### RECORDS PROVIDED
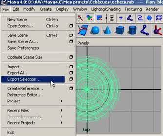 Etape 12 : Exportez la Tour Blanche, dans votre bibliothèque d'objets, dans la barre de menu, cliquez sur File > Export Selection, comme sur la figure ci-dessous. |
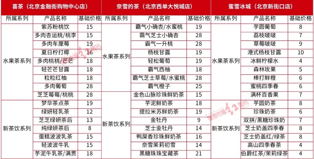 数据来源:喜茶、奈雪的茶、蜜雪冰城小程序
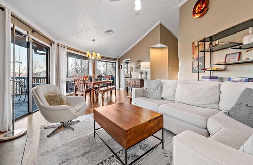 Venga a disfrutar de la vista expansiva y la privacidad de Hanging Round. Esta es una casa de 3 niveles con 3 dormitorios y 3. 5 baños y tres salas de estar separadas que ofrecen múltiples actividades. La planta principal tiene un dormitorio principal con cama king y baño completo, cocina, mesa de comedor con capacidad para 8 y una gran terraza. El nivel medio tiene una sala con registros de gas, 2 dormitorios; uno con una cama queen y baño completo. El segundo dormitorio tiene una cama queen con baño hall. El nivel inferior tiene una sala y baño completo. Se accede a los pisos inferiores por una escalera de caracol o escaleras exteriores. Hanging Round tiene dos cubiertas con mesas de comedor y cómodos asientos para relajarse y disfrutar de la vista. Para todas las comodidades modernas del hogar, ofrecemos televisores de plasma con DVR, internet inalámbrico, lavaplatos y aire central. Para su conveniencia, SE PROPORCIONAN HOJAS Y TOALLAS. Fácil acceso al piso superior desde el área de estacionamiento de automóviles 2-3.
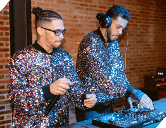 Duelo de DJs tocando juntos, criando uma experiência sonora única e envolvente com efeitos especiais.
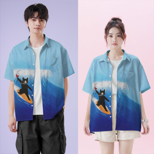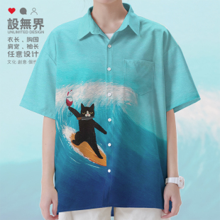 男女设 衬衫 无界 短袖 神经奶牛小猫咪宠物黑白猫冲浪红酒杯子大码
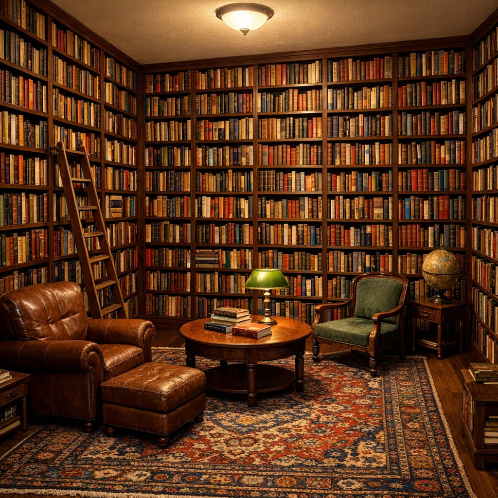 @cfg83 Here’s the image you requested for “room where every wall is full of shelves of books from floor to ceiling.”
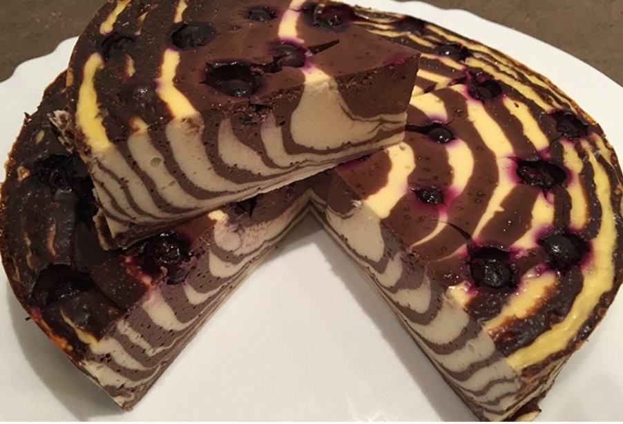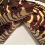 - Wir beginnen, die Teige zu schichten. Die Teige schichten wir abwechselnd zur Mitte der Form. Wir beginnen mit dem hellen und fahren fort, bis beide Teige aufgebraucht sind. Oben legen wir Obst nach Geschmack und geben die Form in den vorgeheizten Ofen.
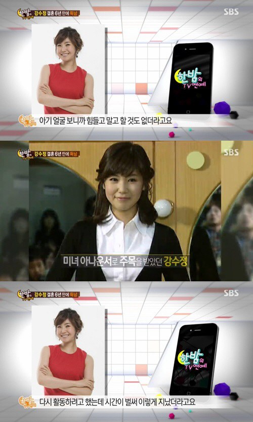 27일 방송된 SBS '한밤의 TV연예'에서는 최근 결혼 6년만에 아들을 얻은 강수정과의 전화 인터뷰 내용이 전파를 탔다.
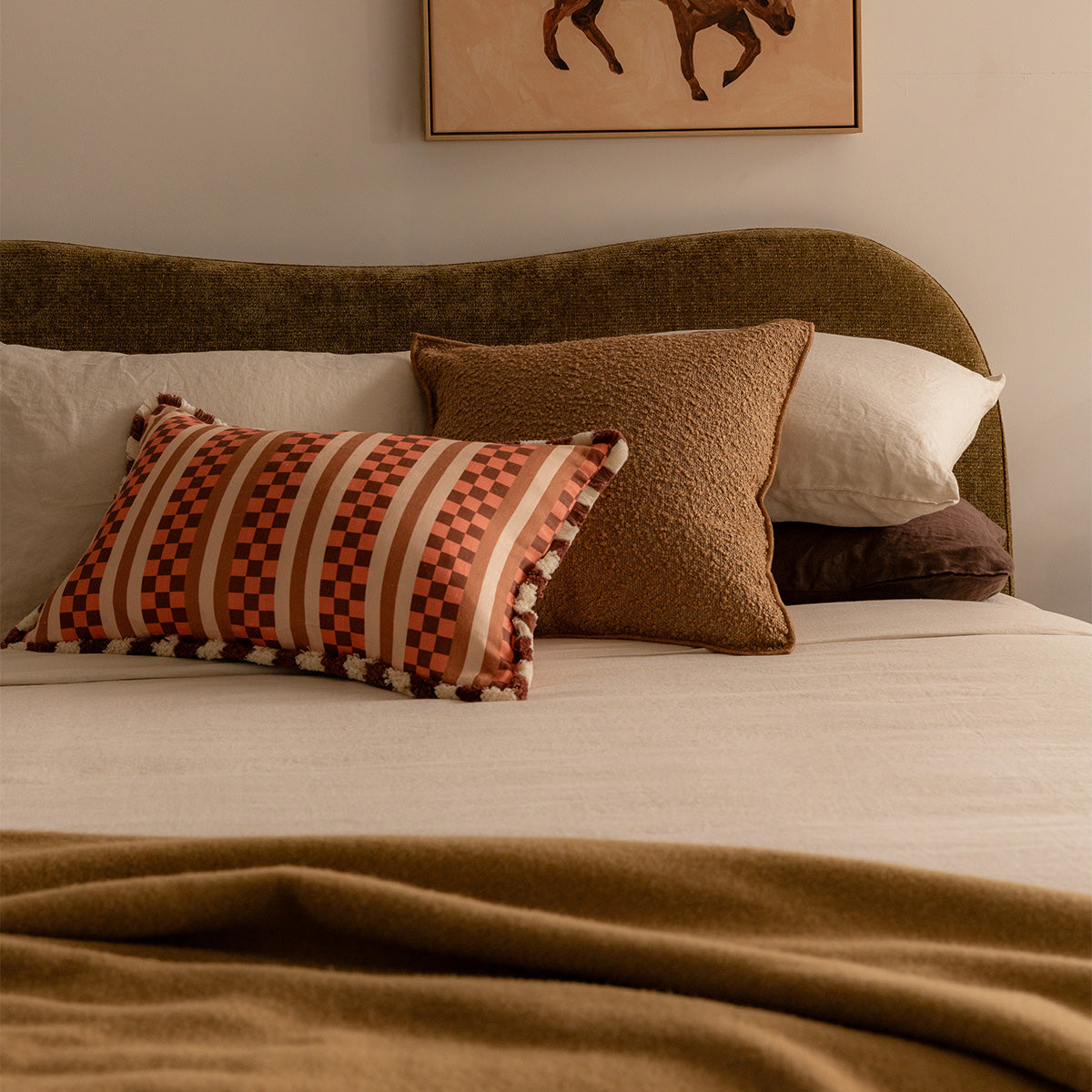 King bed with cushioned upholstery with a curved bed head and short, rubber wood legs.
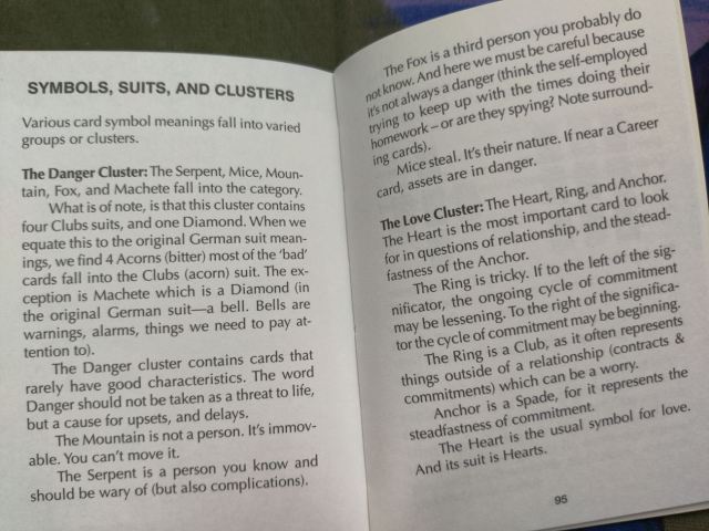 The guidebook offers great insights into how to read the Lenormand. In a reading, consider what purpose the object pictured serves, or what our common associations are to that symbol. Those correspondences are the connecting link to revealing the answer to your question.
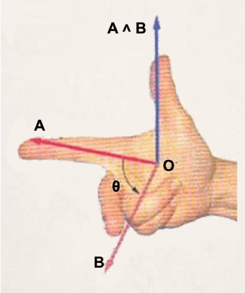 - Per il prodotto vettoriale, dati due vettori A e B, chiamando A e B i loro moduli, e θ l’angolo tra di loro, il prodotto vettoriale P è un vettore. Il prodotto vettoriale si indica con il simbolo ˄: si scrive P= A ˄ B, e si legge: “a vettore b”. Il modulo di P vale: P = A ∙ B ∙ sin(θ); la direzione di P è l’asse ortogonale al piano che contiene i due vettori A e B; il verso di P è quello di avanzamento di una vite destrorsa che gira da A verso B. Di nuovo, non cadete dalla sedia: per il verso si può usare quella che si chiama regola della mano destra (ah, questi matematici!).
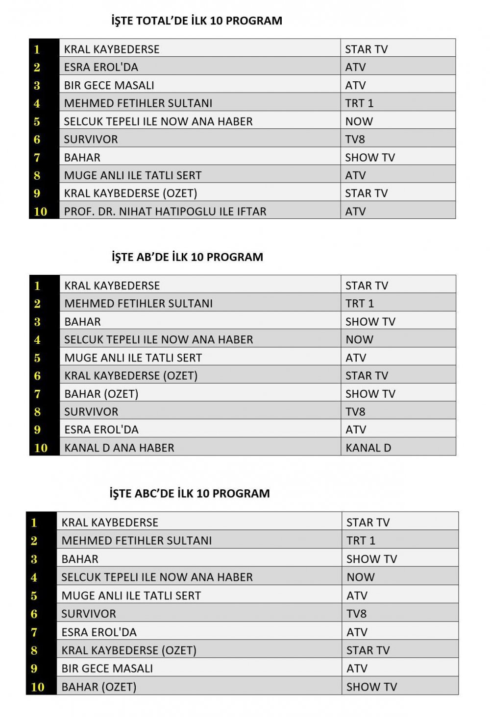 Bugün, Türkiye televizyonlarında yayınlanan programların reyting sonuçları belli oldu. İşte Total, AB ve ABC kategorilerindeki ilk üç sıralama:
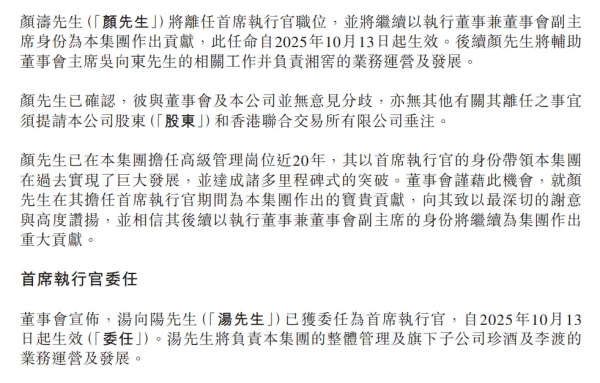 10月14日,珍酒李渡公告稱,湯向陽接替顏濤出任公司新任首席執行官(CEO)。
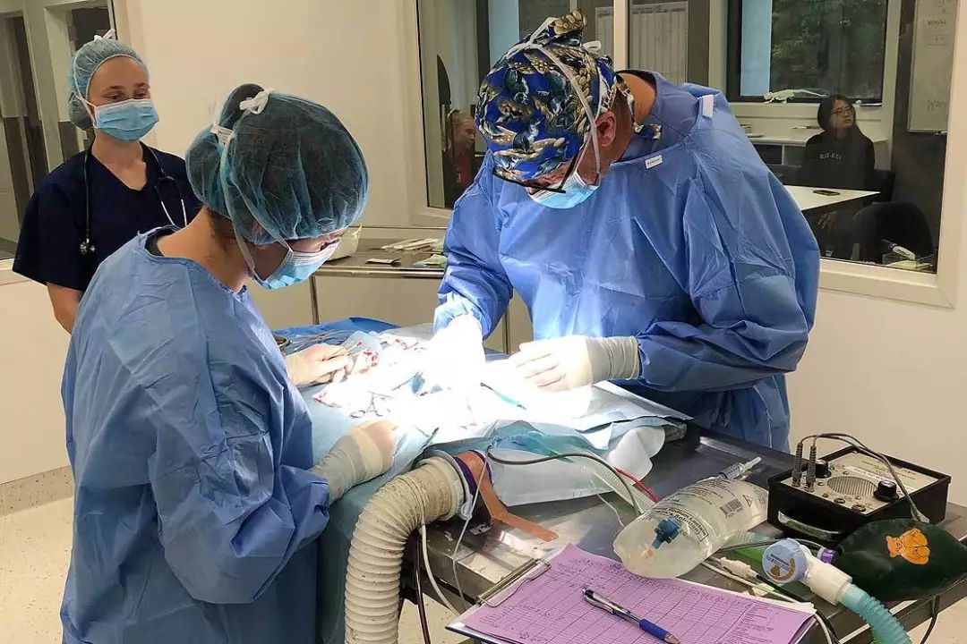 这场 史无前例的手术由Gartrell教授带领的梅西大学兽医团队操刀完成。手术中, Brett Gartrell和工作人员小心地将鸮鹦鹉的部分大脑皮肤剥离,以观察是否能够将突出的那块大脑组织推回至颅骨内。但他们发现,突出部分的大脑组织过厚,推回计划受阻。随后,Gartrell和同事选择将突出部分的大脑及相关组织切除,然后在鸮鹦鹉的颅骨上放置一个网状移植物,起到固定和覆盖的作用,这个如蹦床般的网状物可以将鸮鹦鹉的整个颅骨向上拉伸,促进愈合。最终,Brett Gartrell和同事在网状物中注入从鸮鹦鹉身上取下来的骨髓,以缩小其头部的颅骨缝隙。
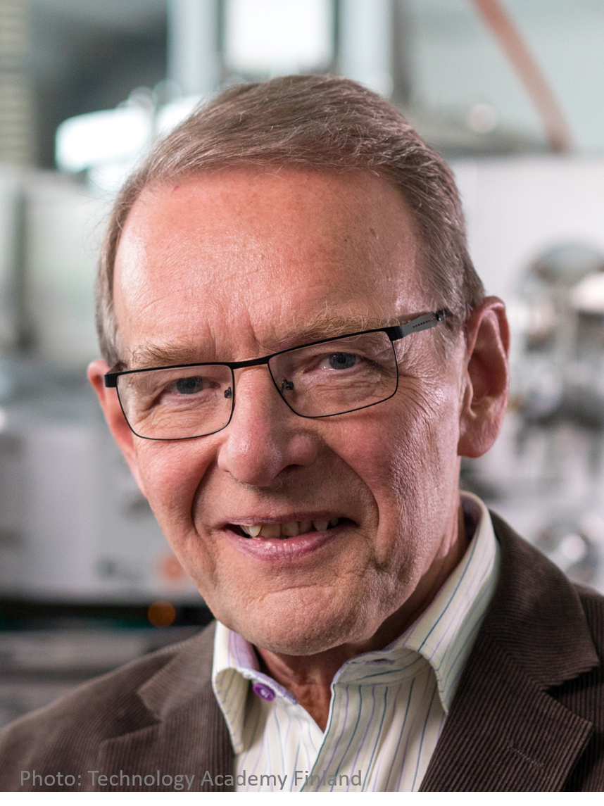 Tuomo Suntola received his MSc (1967) and Ph.D. (1971) in Electron Physics from the Electrical Engineering Department at the Helsinki University of Technology. He entered the field of materials science and thin film technologies by solving the mystery of the nanosecond switching mechanism in “Ovonic” thin film devices as his doctoral dissertation in the late 1960s. His first industrial project was the “Humicap®” thin film humidity sensor for Vaisala Oy (1973), which, almost 50 years later, is still a global leader in humidity sensing, and has been used, for example, in NASA’s Mars landers. Suntola was invited to join Instrumentarium Oy, where in 1974 he introduced the Atomic Layer Epitaxy (ALE) process, which, following its development for production purposes, became the leading technology for electroluminescent flat panel displays. Following further development at Microchemistry Ltd, the ALE technology and machinery were deemed to meet the requirements for advanced semiconductor processing. The technology was renamed Atomic Layer Deposition (ALD), and has since been integrated into IC manufacturing, enabling extreme conformality and the controlled processing of ultra-thin material layers of a few atomic layers.
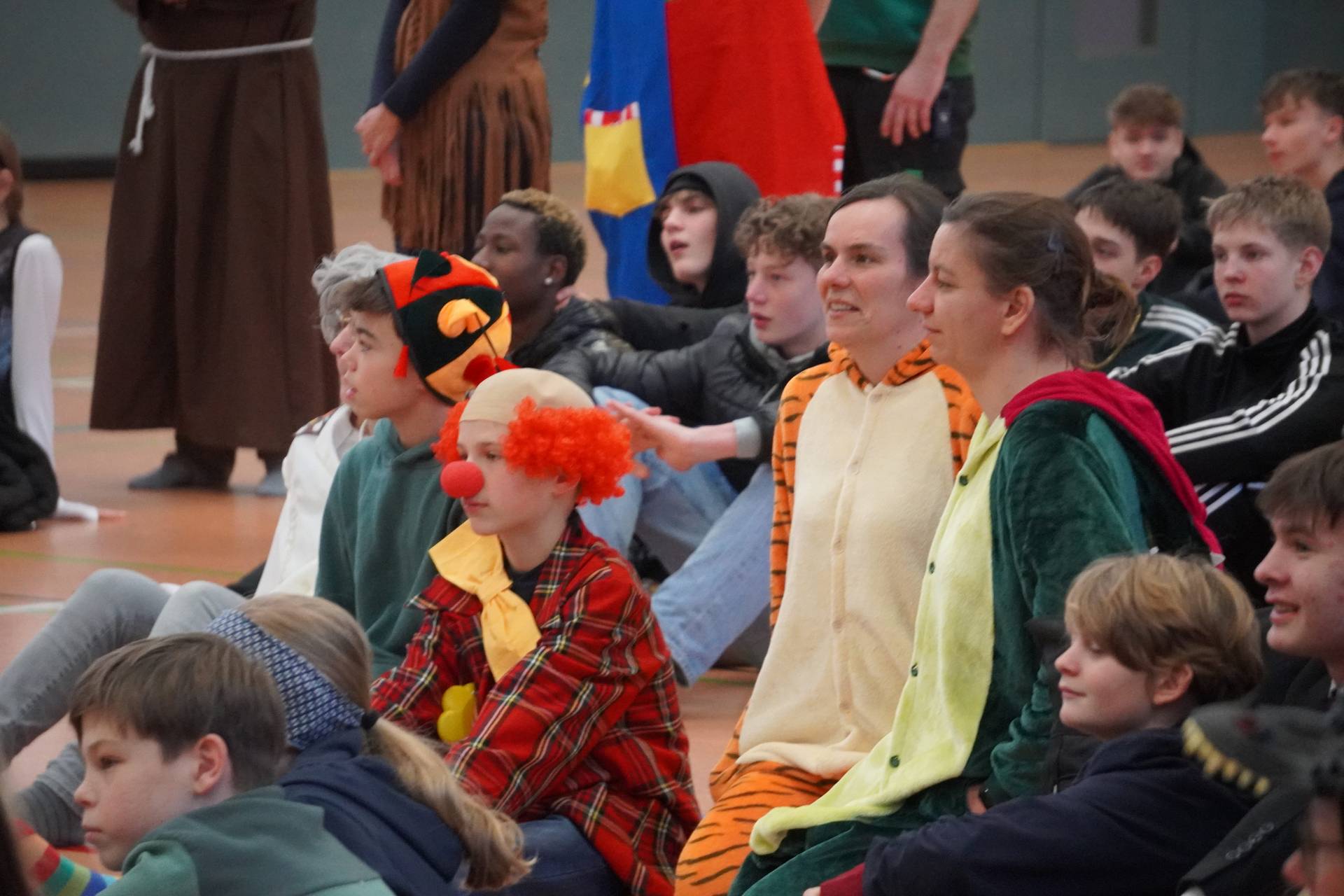 Am 29. Januar verwandelte sich die gesamte Schule in der 4. und 5. Stunde in ein buntes, lautes und wildes Fantasieland. Die Schülerschaft hatte sich im Rahmen der vergangenen Schulversammlung für eine gemeinsame Faschingsfeier entschieden. Voller Aufregung wurde sich in den Tagen davor ausgetauscht und gegenseitig inspiriert. Sätze wie „Und als was gehst du?“, „Hast du ne Idee?“ oder „Kannst du mir was leihen?“ waren nicht nur unter den Schülerinnen und Schülern, sondern auch im Lehrerinnenzimmer zu hören.

### WHAT THE TASK REQUIRES
The lines needed run from the first line of the records through the line containing "数据来源:喜茶、奈雪的茶、蜜雪冰城小程序", both included. Restate them word for word, without pictures.

### OUTPUT BELOW
 Etape 12 : Exportez la Tour Blanche, dans votre bibliothèque d'objets, dans la barre de menu, cliquez sur File > Export Selection, comme sur la figure ci-dessous. |
 数据来源:喜茶、奈雪的茶、蜜雪冰城小程序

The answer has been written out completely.